Data items
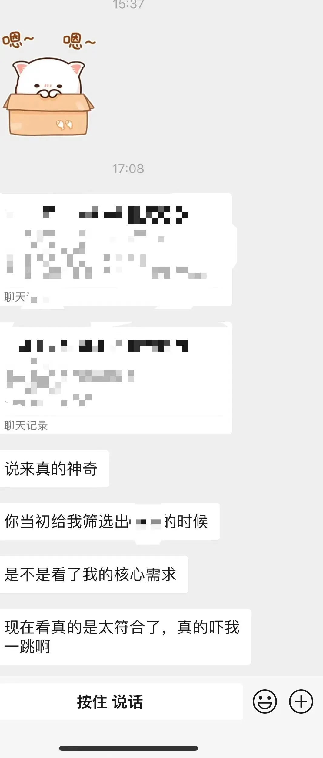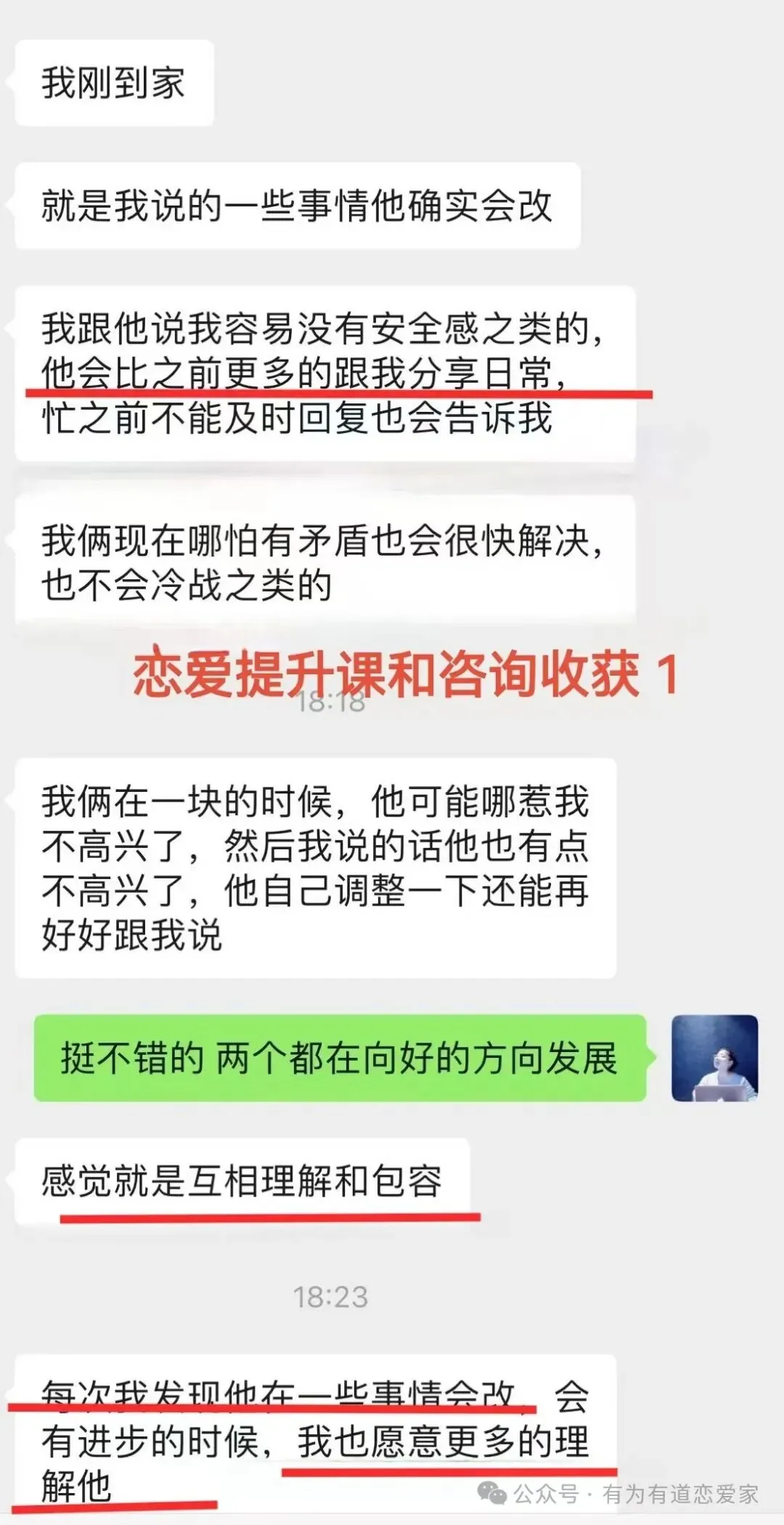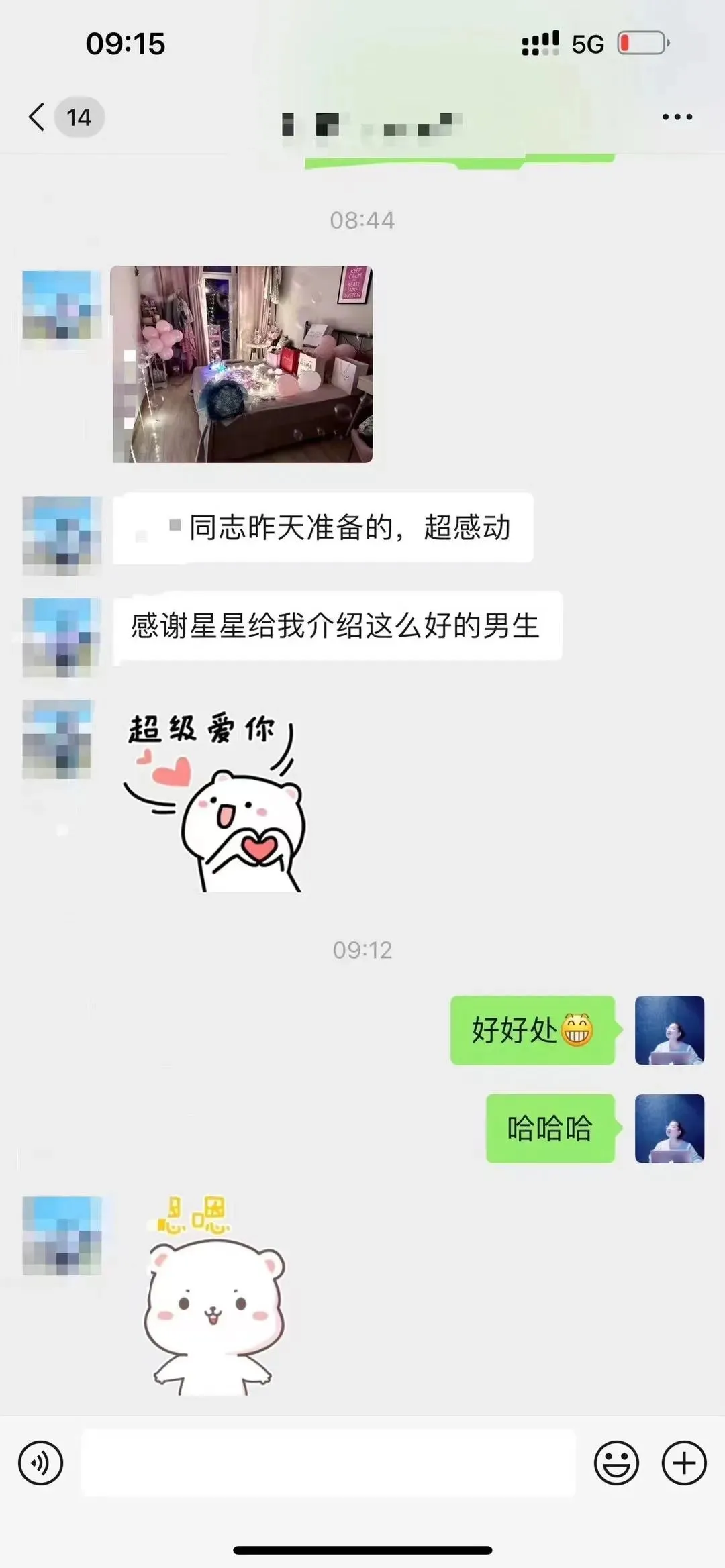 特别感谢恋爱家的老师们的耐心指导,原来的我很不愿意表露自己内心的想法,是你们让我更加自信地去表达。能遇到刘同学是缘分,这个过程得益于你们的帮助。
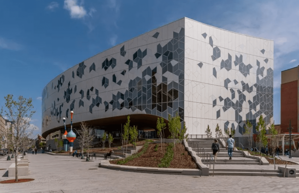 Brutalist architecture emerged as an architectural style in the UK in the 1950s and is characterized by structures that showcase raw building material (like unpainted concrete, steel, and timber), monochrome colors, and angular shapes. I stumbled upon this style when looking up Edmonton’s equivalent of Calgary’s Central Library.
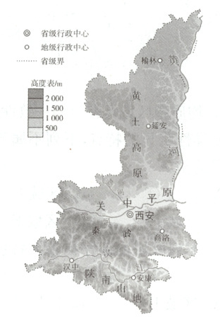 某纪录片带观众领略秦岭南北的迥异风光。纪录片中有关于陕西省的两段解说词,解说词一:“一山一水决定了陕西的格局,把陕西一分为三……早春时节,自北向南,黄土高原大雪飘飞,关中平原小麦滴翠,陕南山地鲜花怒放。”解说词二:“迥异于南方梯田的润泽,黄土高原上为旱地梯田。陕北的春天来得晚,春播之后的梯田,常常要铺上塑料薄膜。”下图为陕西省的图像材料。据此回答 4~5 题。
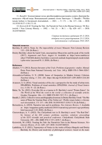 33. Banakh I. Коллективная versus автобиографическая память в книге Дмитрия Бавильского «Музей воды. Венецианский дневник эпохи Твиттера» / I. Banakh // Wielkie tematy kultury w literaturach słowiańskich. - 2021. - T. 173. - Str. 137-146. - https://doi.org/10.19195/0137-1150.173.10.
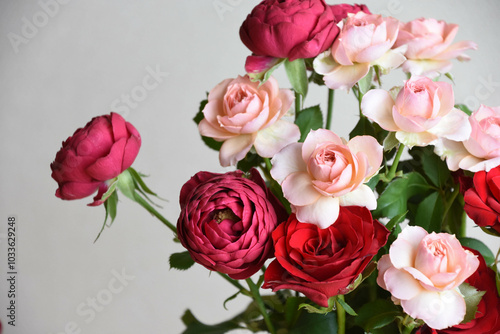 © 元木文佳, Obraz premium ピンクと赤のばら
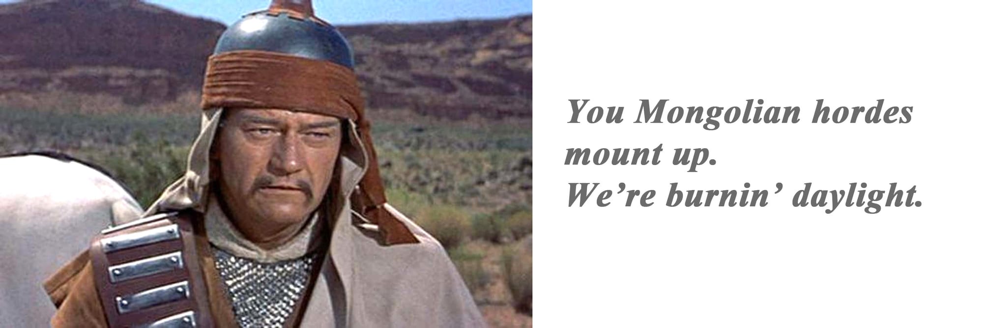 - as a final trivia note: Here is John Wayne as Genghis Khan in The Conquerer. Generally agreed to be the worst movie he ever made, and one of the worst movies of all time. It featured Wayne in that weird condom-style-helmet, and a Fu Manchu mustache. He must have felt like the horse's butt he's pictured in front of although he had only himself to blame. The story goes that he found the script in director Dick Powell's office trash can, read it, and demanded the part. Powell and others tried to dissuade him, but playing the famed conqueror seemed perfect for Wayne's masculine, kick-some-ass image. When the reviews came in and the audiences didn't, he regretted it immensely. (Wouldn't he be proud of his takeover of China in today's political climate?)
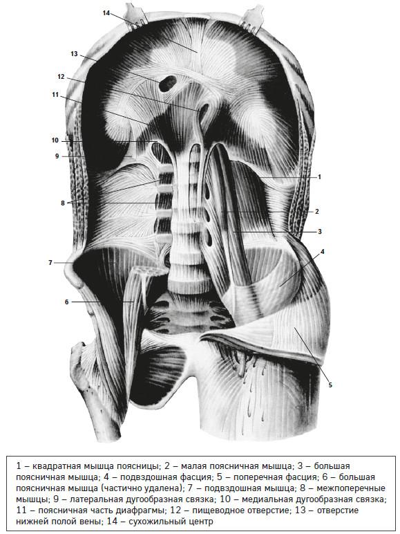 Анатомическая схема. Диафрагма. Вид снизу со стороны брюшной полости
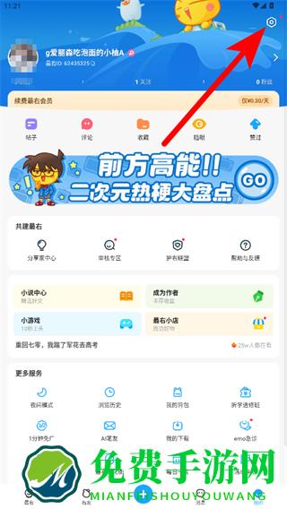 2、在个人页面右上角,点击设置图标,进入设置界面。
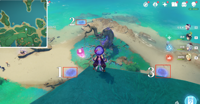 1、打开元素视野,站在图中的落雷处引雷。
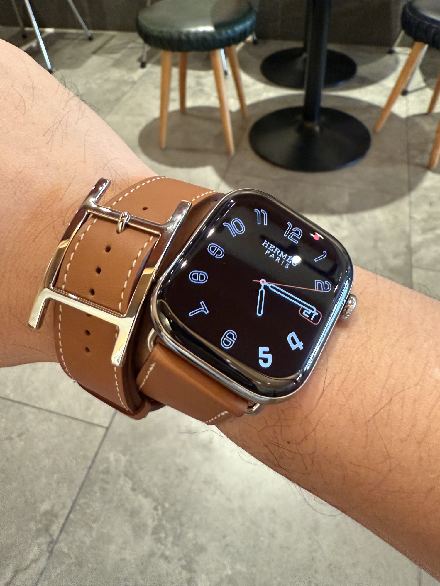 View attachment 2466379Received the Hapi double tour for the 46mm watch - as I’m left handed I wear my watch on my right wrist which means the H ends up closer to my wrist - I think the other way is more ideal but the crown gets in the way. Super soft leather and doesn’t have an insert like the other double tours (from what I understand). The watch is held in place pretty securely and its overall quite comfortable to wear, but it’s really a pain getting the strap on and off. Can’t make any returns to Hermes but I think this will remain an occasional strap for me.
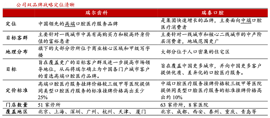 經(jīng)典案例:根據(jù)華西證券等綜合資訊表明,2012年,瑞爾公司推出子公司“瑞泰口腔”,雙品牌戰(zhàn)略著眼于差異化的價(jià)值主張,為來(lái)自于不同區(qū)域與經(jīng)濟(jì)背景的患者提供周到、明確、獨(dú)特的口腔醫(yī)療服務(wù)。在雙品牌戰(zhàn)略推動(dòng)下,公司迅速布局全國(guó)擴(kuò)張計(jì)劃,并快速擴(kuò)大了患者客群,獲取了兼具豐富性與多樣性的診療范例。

> **WHAT TO WORK ON**: Except for the pictures, set down all of the records exactly.

> **REPLY**:
 特别感谢恋爱家的老师们的耐心指导,原来的我很不愿意表露自己内心的想法,是你们让我更加自信地去表达。能遇到刘同学是缘分,这个过程得益于你们的帮助。
 Brutalist architecture emerged as an architectural style in the UK in the 1950s and is characterized by structures that showcase raw building material (like unpainted concrete, steel, and timber), monochrome colors, and angular shapes. I stumbled upon this style when looking up Edmonton’s equivalent of Calgary’s Central Library.
 某纪录片带观众领略秦岭南北的迥异风光。纪录片中有关于陕西省的两段解说词,解说词一:“一山一水决定了陕西的格局,把陕西一分为三……早春时节,自北向南,黄土高原大雪飘飞,关中平原小麦滴翠,陕南山地鲜花怒放。”解说词二:“迥异于南方梯田的润泽,黄土高原上为旱地梯田。陕北的春天来得晚,春播之后的梯田,常常要铺上塑料薄膜。”下图为陕西省的图像材料。据此回答 4~5 题。
 33. Banakh I. Коллективная versus автобиографическая память в книге Дмитрия Бавильского «Музей воды. Венецианский дневник эпохи Твиттера» / I. Banakh // Wielkie tematy kultury w literaturach słowiańskich. - 2021. - T. 173. - Str. 137-146. - https://doi.org/10.19195/0137-1150.173.10.
 © 元木文佳, Obraz premium ピンクと赤のばら
 - as a final trivia note: Here is John Wayne as Genghis Khan in The Conquerer. Generally agreed to be the worst movie he ever made, and one of the worst movies of all time. It featured Wayne in that weird condom-style-helmet, and a Fu Manchu mustache. He must have felt like the horse's butt he's pictured in front of although he had only himself to blame. The story goes that he found the script in director Dick Powell's office trash can, read it, and demanded the part. Powell and others tried to dissuade him, but playing the famed conqueror seemed perfect for Wayne's masculine, kick-some-ass image. When the reviews came in and the audiences didn't, he regretted it immensely. (Wouldn't he be proud of his takeover of China in today's political climate?)
 Анатомическая схема. Диафрагма. Вид снизу со стороны брюшной полости
 2、在个人页面右上角,点击设置图标,进入设置界面。
 1、打开元素视野,站在图中的落雷处引雷。
 View attachment 2466379Received the Hapi double tour for the 46mm watch - as I’m left handed I wear my watch on my right wrist which means the H ends up closer to my wrist - I think the other way is more ideal but the crown gets in the way. Super soft leather and doesn’t have an insert like the other double tours (from what I understand). The watch is held in place pretty securely and its overall quite comfortable to wear, but it’s really a pain getting the strap on and off. Can’t make any returns to Hermes but I think this will remain an occasional strap for me.
 經(jīng)典案例:根據(jù)華西證券等綜合資訊表明,2012年,瑞爾公司推出子公司“瑞泰口腔”,雙品牌戰(zhàn)略著眼于差異化的價(jià)值主張,為來(lái)自于不同區(qū)域與經(jīng)濟(jì)背景的患者提供周到、明確、獨(dú)特的口腔醫(yī)療服務(wù)。在雙品牌戰(zhàn)略推動(dòng)下,公司迅速布局全國(guó)擴(kuò)張計(jì)劃,并快速擴(kuò)大了患者客群,獲取了兼具豐富性與多樣性的診療范例。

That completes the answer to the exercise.